Consul to the Ottoman Empire

Personal details
- Born: Andrew Turnbull 1718 Scotland
- Died: March 13, 1792 (aged 73–74) Charleston County, South Carolina, U.S.
- Resting place: Saint Philip's Episcopal Church Cemetery, Charleston, South Carolina, U.S.
- Spouse: Maria Gracia Dura Bin (or Maria Gracia Rubini)

= Andrew Turnbull (colonist) =

Scottish physician and diplomat (1718–1792)

Andrew Turnbull (1718 – March 13, 1792) was a Scottish physician, diplomat and colonist who founded the colony of New Smyrna in British East Florida. His venture recruited 1400 settlers from present-day Greece, Turkey, Italy, Corsica and the Spanish island of Menorca to work as indentured servants on a massive plantation complex.

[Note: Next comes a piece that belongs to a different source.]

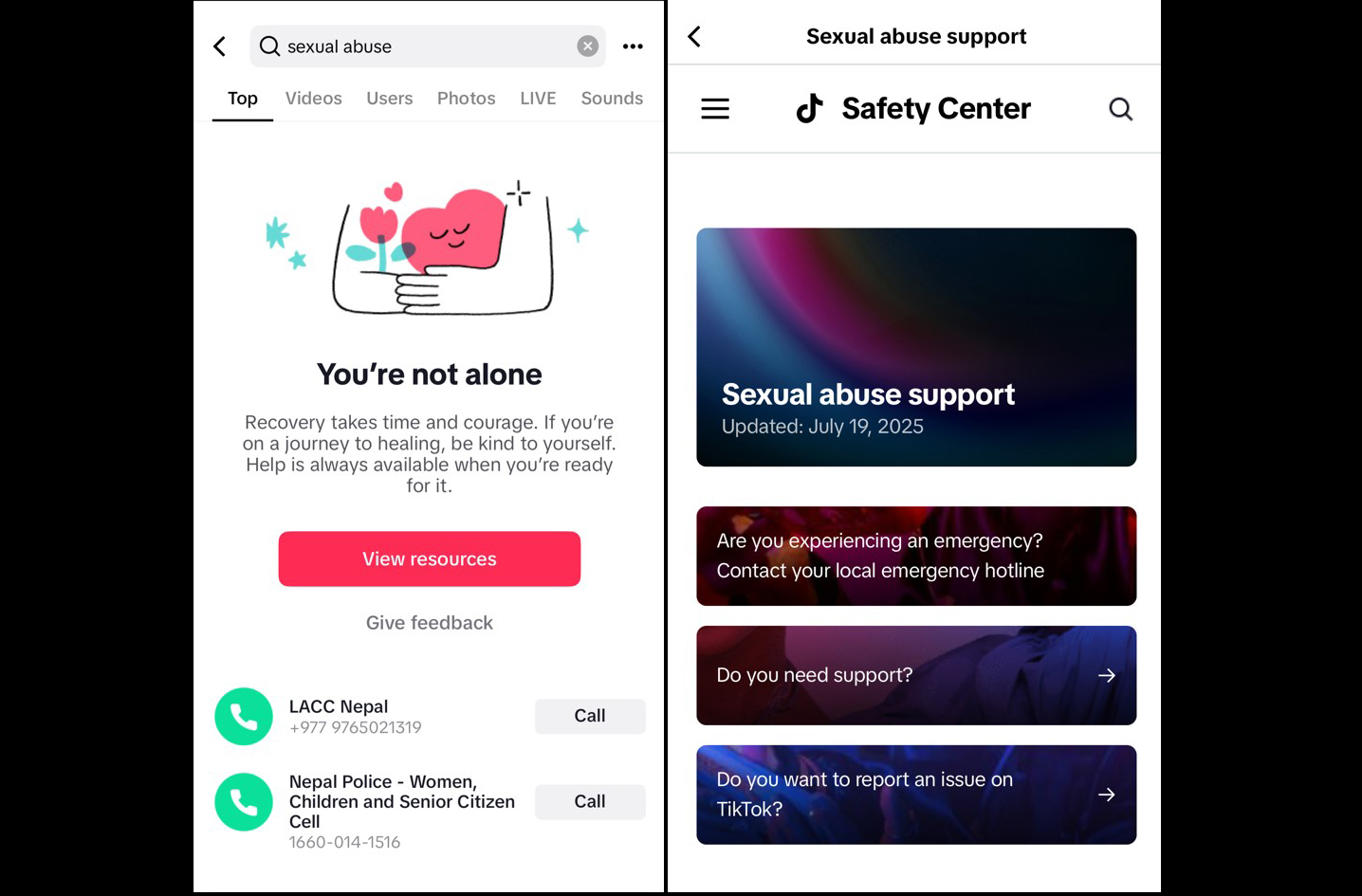नयाँ फिचर मार्फत यौन दुर्व्यवहारसम्बन्धी शब्दहरू खोज्दा अब सहायता स्रोतहरू र सुरक्षा जानकारीमा ‘रिडाइरेक्ट’ हुने काठमाडौं । टिकटकले आज नेपालमा नयाँ ‘सर्च गाइड’ सार्वजनिक गरेको छ, जसको उद्देश्य यौन दुर्व्यवहारको जोखिममा परेका वा त्यसबाट प्रभावित प्रयोगकर्ताहरूलाई समयमै सहयोग र आवश्यक समर्थन प्रदान गर्नु हो। यो सुविधा टिकटकको समग्र सुरक्षा अभियानको हिस्सा हो, जसको उद्देश्य प्रयोगकर्ताहरूलाई…
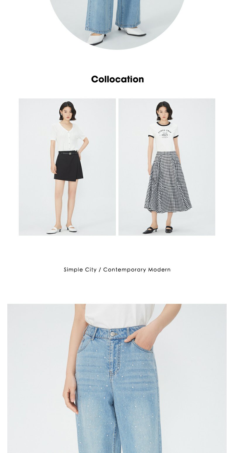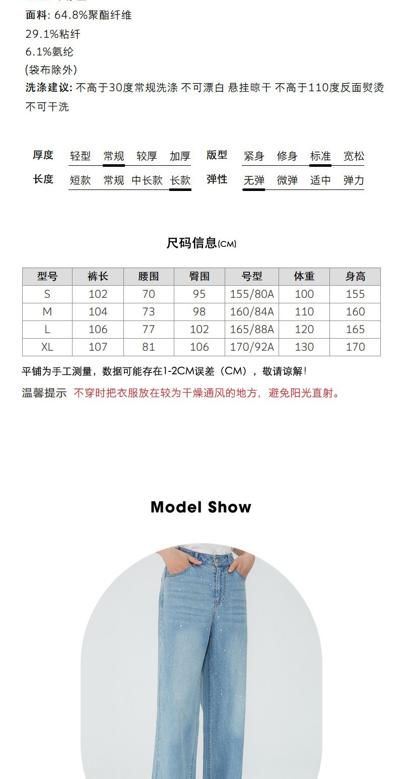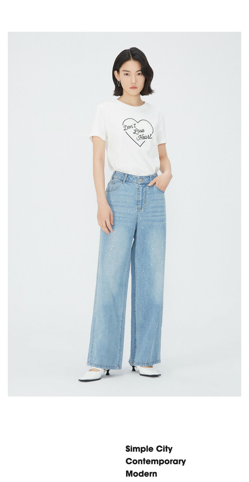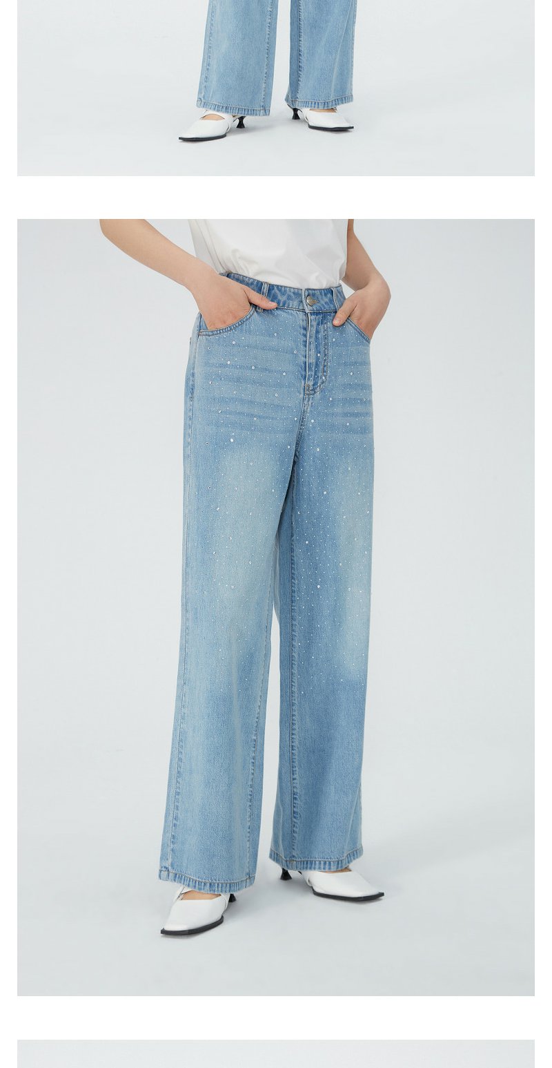 NEELLY纳俪商场同款夏季新款宽松垂感牛仔裤女高腰百搭钻饰直筒裤N25054H04622

New Smyrna was established in 1768 but was soon derailed by poor living conditions and mistreatment by Turnbull and his overseers. Following the deaths of a majority of the colonists, the 600 survivors abandoned the settlement and marched to St. Augustine in 1777. New Smyrna established the Florida Minorcan population and the modern town of New Smyrna Beach was incorporated on the site in 1887.

Previously, Turnbull served as the British consul at Smyrna, now known as İzmir, in the Ottoman Empire. His Florida colony was named for the city, the birthplace of his wife Maria Gracia Dura Bin.

==Biography==
In 1768, he founded the colony of New Smyrna, Florida, named in honor of his wife's birthplace, the ancient Greek city of Smyrna (now İzmir) on the Aegean coast of Anatolia. Turnbull was married to Gracia Dura Bin (also cited as Maria Gracia Rubini), the daughter of a Greek merchant from Smyrna. His colony was located in the province of British East Florida, and encompassed some 101,400 acres (410 km^{2}); it was nearly three times the size of the colony at Jamestown.

In partnership with Sir William Duncan he secured a grant of 40,000 acres (160 km^{2}) of land on the east coast of the peninsula, with the requirement from the British government that it be settled within 10 years in the proportion of one person for every 100 acre. In 1765 he sailed to St. Augustine, the capital of the province, and secured the grant from Governor James Grant. The land was located at what is now New Smyrna Beach about 62 mi south of St. Augustine. Turnbull then returned to England, secured financing for his forthcoming venture through bounties from the government and the Board of Trade, and subsequently sailed for the Mediterranean to find colonists "for a Tract of Land in East Florida on which I might settle a small Colony of Greeks," as Turnbull explained in a letter to Lord Shelburne.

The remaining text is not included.